Confession of a Sex Addict
Bet that headline caught your attention, didn’t it? Just the name makes my head want to whip around to see who they’re talking about. Makes me want to pick up my daughter and run the other direction.
Unfortunately, I can’t run away from myself. Or maybe that is fortunate, because if I could, I would. I actually did try running away from myself for years - from past hurts and mistakes through just about any means I could.
I’ve told you all about my physical struggles with alcohol and drugs, quitting smoking, and even my multiple attempts to quit biting my nails.
I am blessed with a very slim build, but I even had/have issues with binge/overeating. I could go on and tell you about my emotional struggles too, but that isn’t really important. I’ve struggled with just about every “ism” you could imagine, but none of those got me to seeking help, to eventually understand why I do these things, or to have hope that life could be different.
My wife had to work one Sunday which was quite rare. I went to church by myself. The last time that happened, I actually cried during a play that the church put on… Yeah, cold, stony me
I was wondering what would happen this time, as I settled into the back row of the highest spot in the balcony - “nice and safe here,” I thought.
The pastor spoke for awhile and I can’t even remember what the sermon was about, but he invited a young man to come up to share his testimony. He shared about sexual addiction and all of the compulsive activities surrounding it. He spoke about reducing women down to objects that were sources for his fulfillment, and I felt rotten. While the way in which my addictions played out were slightly different than his, I was just like this young man. I had problems with sexual addictions for years and ignored them.
Society even said that what I did was normal. In college? That’s what college kids do, right? I thought that when I got married, everything would be just fine because it was just something I did. However, I didn’t understand the deep spiritual and therefore physical implications of sexual addiction.
After the service I felt God impressing me to go talk to this guy. I was so scared and tried to make all kinds of excuses - “I am NOT going to a group for sex addicts,” I thought. “That is for perverts, creeps, and abusers!”
I didn’t really have much choice, though, as God was all over me on this one. I attended the next meeting, and other meetings around twice a week for the next year. I learned so many things about the “whys” of addiction. I learned that all addictions are basically the same. I learned that most of what I was told about addictions are partially wrong - factually correct in some aspects, but full of glaring omissions because they tackled the issue from an ineffectual end.
There is far too much for me to tell in one post, so I will be sharing more about addiction in future posts. I’ll still sprinkle in Christian growth posts and inane stories about my life, but it is so important now that I share what Christ has done for me with all of you.
I’ve learned since that one day in church, that support groups for sexual addiction are not full of perverts, creeps, and abusers. They are full of sinners, but they are also full of people that God desperately loves and has saved by his grace - not through the acts of those individuals as they work hard towards accepting freedom from their addictions, but through the work of one man 2000ish years ago who died on a cross for nothing that he did to deserve it.
I’m grateful for that Sunday in church, for that young man who shared his testimony and later listened to mine. I’m grateful for my wife for her love, incomprehensible grace, and bravery in encouraging me when I said I was going to share this. I’m grateful to family, and friends in Christ who have been very supportive. I’m also grateful for each one of you that I get to tell this story to, knowing full well that there is a better-than-even chance one of you is struggling with some physical or mental struggle and wants out. There is still a great deal of pain, and mistrust that exists but it’s far better than the life I led for the first 31 years of my life.

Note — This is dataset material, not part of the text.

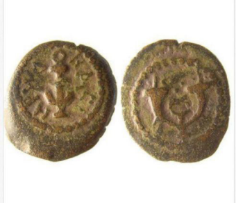
(شكل رقم 12)

https://www.google.ps/search?q=herod+the+great+coins+anchor&source=lm&s&tbm=isch&sa=X&ved=0ahUKEwiVjPqLnODZAhWDyaYKHV6LCOoQ_AUICigB&biw=1366&bih=588#imgcr=y4-dysVWa9T5xM

So… my name is Matt, I’m a believer in Jesus Christ. I’m recovering from sexual addiction, anger issues, control issues, chemical abuse, and co-dependency. I tell you with joy and with 100% certainty that there is a way out from whatever struggle you are facing today - I’m nobody special on my own, but through Christ all things are possible. All things.

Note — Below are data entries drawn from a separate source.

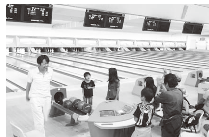
毎年恒例の右京ボウリング大会

りある議論ができた」「こうした支部長会議ならどんどん参加したい」という意見が聞かれました。支部長の交流・懇親も含めた議論をこれからも継続していきます。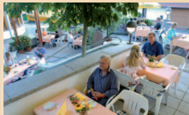
Bei schönem Wetter (warm bis heiß) schleckt gerne draußen man sein Eis oder hebt die Kaffeetasche auf der neuen Freiterrasse.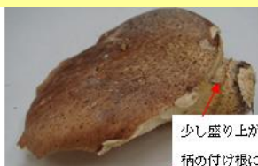
少し盛り上がったつばが柄の付け根にある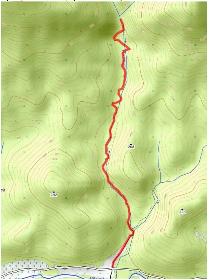
Пешеходная часть маршрута.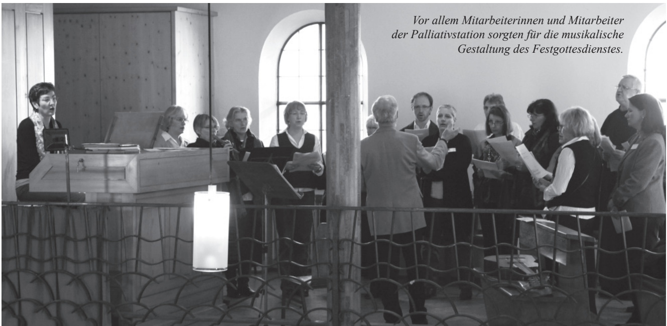
Vor allem Mitarbeiterinnen und Mitarbeiter der Palliativstation sorgten für die musikalische Gestaltung des Festgottesdienstes.

Wer auf der Palliativstation Schwerkranken und Sterbende betreut, sagte Caritasdirektor Lindenberger, der braucht eine Haltung, die den Menschen mit seinen Bedürfnissen in den Mittelpunkt stellt. Eine Haltung, die er vom „Barmherzigen Samariter“ aus dem Lukas-Evangelium lernen kann, der sich – anders als „die Frömmel und geistlichen Scharlatane“ – um den „halb tot“ am Wegesrand liegenden Mann kümmert. js ■

If anyone is struggling with any form of addiction, I strongly encourage you to take that first step and seek help. Check out Celebrate Recovery, or contact your a local church. It doesn’t have to be yours either - that may even be preferable, about 1/3 of our attendees aren’t church members. Anonymity is nice. If you can’t find a specific Christian support group, get into a 12-step group like AA, NA, etc. You may want to do both. Be sure to come back and tell me how you’re doing, too - be blessed!



You have guts, that’s for sure. I’m really proud of you, and love you very much.
There are new sex addiction recovery-related MP3 downloads from Hope & Freedom Counseling Services. They can be found at http://www.RecoveryOnTheGo.com
Thanks for sharing your story. I work for Covenant Eyes and we make an Internet accountability program that has worked really well for many people. It’s always good to hear about how quality accountability and counseling continues to bring freedom into people’s lives!
Luke, I actually now have that on the computer. Had xxxchurch but needed something a little more responsive to my technical capabilities. With free, I get what I pay for. If you want to come up with a coupon code for readers of the blog and post it here, that would probably swing you some business because 8 bones a month is tough when there are free options or even $24 one-time payments w/ updates.